Both UK and Irish regimes require the assessment to address, at minimum, five categories of risk:

• Clients: Who do you act for? Consider concentrations of cash-intensive businesses, high-net-worth individuals, politically exposed persons, non-resident clients, complex group structures, trusts, and clients introduced remotely or through intermediaries.
• Geography: Where are your clients, their owners and their money? Exposure to high-risk third countries, jurisdictions subject to sanctions, and secrecy jurisdictions all raise the rating.
• Services: Which services are most abusable?
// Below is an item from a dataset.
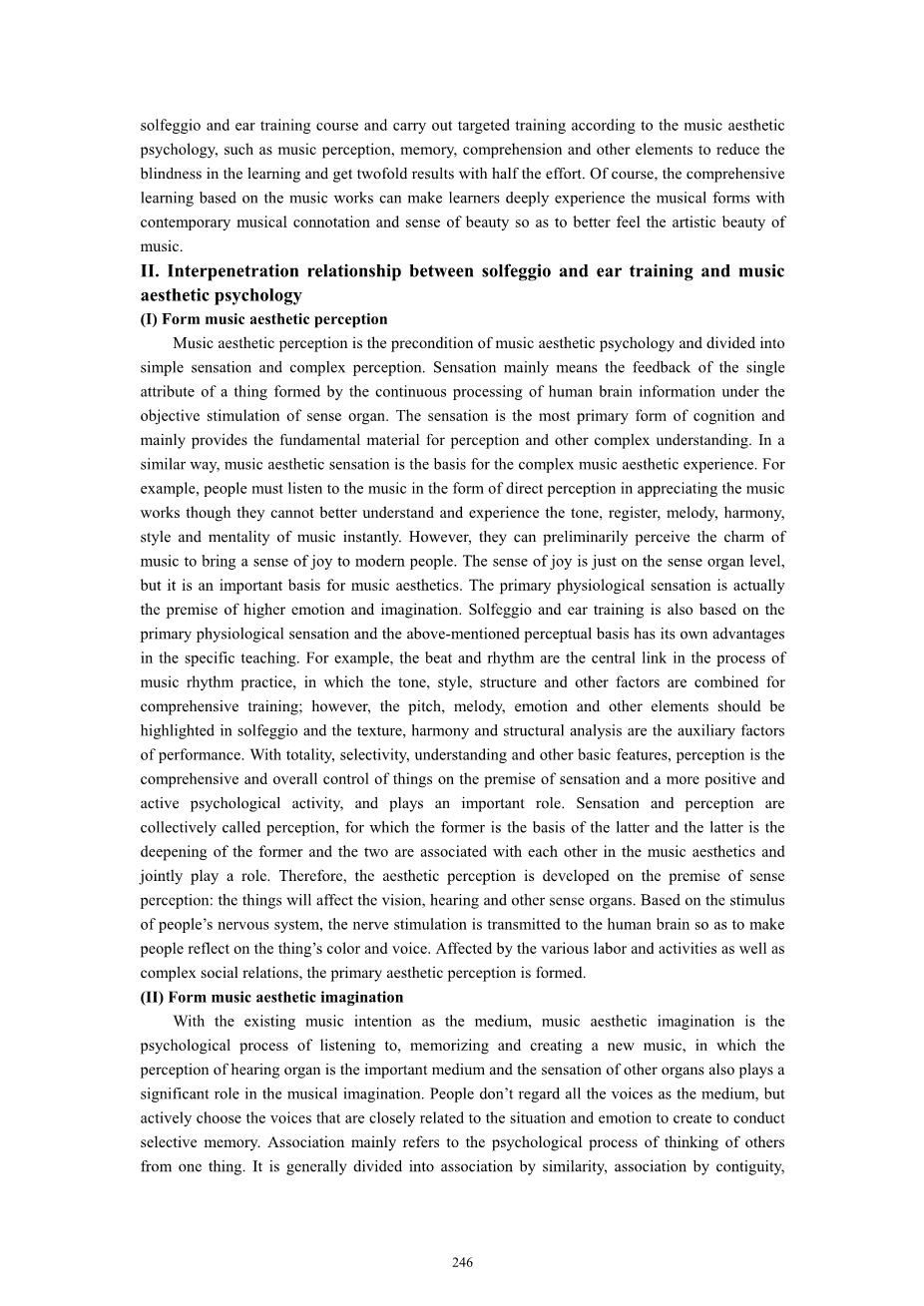 视唱练耳与耳的相互渗透研究训练与音乐审美心理美学 外文翻译资料

Company formation, trust and company services, payroll handling, holding client money, insolvency work and tax structuring typically carry more risk than statutory audit of a long-standing domestic trading company.
• Transactions: Do you handle or advise on transactions that are large, complex, cash-based or international?
• Delivery channels: How do clients reach you? Fully remote onboarding without ever meeting the client, or work referred through unregulated introducers, increases risk relative to face-to-face local relationships.

You must also take into account the relevant national risk assessments and any sectoral risk information published by your supervisor — UK supervisors expect to see evidence that the firm has actually read and reflected the national risk assessment's findings for the accountancy sector, not just cited it.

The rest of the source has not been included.